** What to produce **
Leave out the pictures and retype, exactly, the lines below from the line with "Kết thúc buổi" up to and including the line with "TIFFANEWS.CO.ID,- Pj. Gubernur", nothing more.

** Supplied records **
________________________________________

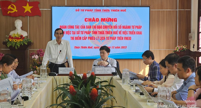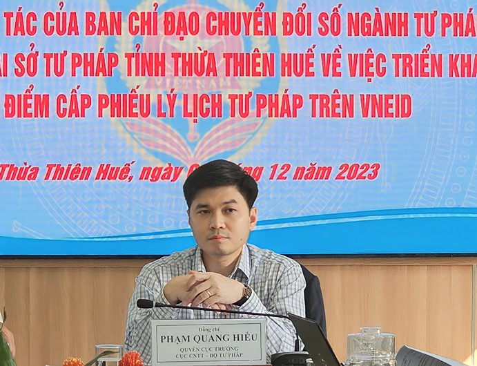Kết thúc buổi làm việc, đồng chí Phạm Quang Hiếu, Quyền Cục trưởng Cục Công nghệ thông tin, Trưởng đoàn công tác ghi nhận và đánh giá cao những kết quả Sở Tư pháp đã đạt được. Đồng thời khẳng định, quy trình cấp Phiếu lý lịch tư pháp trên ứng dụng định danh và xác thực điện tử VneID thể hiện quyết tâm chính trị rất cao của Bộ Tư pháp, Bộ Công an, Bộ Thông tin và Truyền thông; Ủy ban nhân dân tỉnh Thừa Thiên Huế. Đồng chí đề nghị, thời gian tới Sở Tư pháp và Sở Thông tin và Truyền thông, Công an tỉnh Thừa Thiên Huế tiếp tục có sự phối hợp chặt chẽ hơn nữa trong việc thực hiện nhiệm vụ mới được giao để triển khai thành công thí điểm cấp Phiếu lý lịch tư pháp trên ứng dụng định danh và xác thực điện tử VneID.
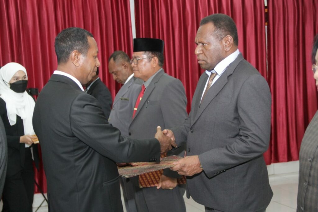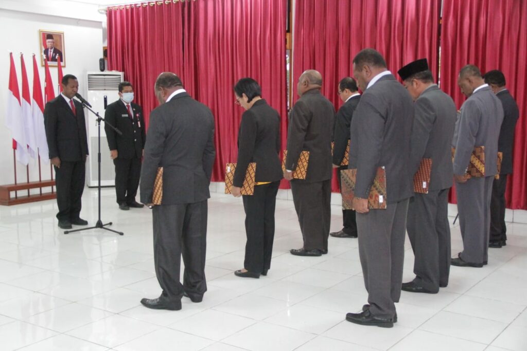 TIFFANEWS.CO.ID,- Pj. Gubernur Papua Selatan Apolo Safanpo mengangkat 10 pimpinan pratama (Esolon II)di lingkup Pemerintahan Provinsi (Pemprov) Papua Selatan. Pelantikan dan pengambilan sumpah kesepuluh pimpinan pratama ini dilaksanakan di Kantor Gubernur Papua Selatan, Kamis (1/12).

________________________________________

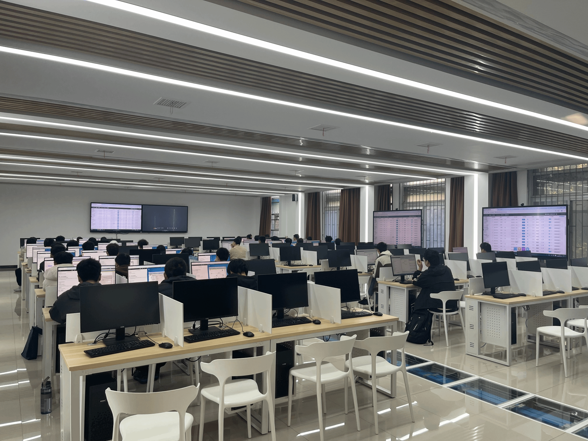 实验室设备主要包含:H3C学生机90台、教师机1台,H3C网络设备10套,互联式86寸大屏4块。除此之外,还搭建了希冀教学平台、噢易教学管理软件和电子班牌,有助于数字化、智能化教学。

________________________________________

** Written solution **
Kết thúc buổi làm việc, đồng chí Phạm Quang Hiếu, Quyền Cục trưởng Cục Công nghệ thông tin, Trưởng đoàn công tác ghi nhận và đánh giá cao những kết quả Sở Tư pháp đã đạt được. Đồng thời khẳng định, quy trình cấp Phiếu lý lịch tư pháp trên ứng dụng định danh và xác thực điện tử VneID thể hiện quyết tâm chính trị rất cao của Bộ Tư pháp, Bộ Công an, Bộ Thông tin và Truyền thông; Ủy ban nhân dân tỉnh Thừa Thiên Huế. Đồng chí đề nghị, thời gian tới Sở Tư pháp và Sở Thông tin và Truyền thông, Công an tỉnh Thừa Thiên Huế tiếp tục có sự phối hợp chặt chẽ hơn nữa trong việc thực hiện nhiệm vụ mới được giao để triển khai thành công thí điểm cấp Phiếu lý lịch tư pháp trên ứng dụng định danh và xác thực điện tử VneID.
 TIFFANEWS.CO.ID,- Pj. Gubernur Papua Selatan Apolo Safanpo mengangkat 10 pimpinan pratama (Esolon II)di lingkup Pemerintahan Provinsi (Pemprov) Papua Selatan. Pelantikan dan pengambilan sumpah kesepuluh pimpinan pratama ini dilaksanakan di Kantor Gubernur Papua Selatan, Kamis (1/12).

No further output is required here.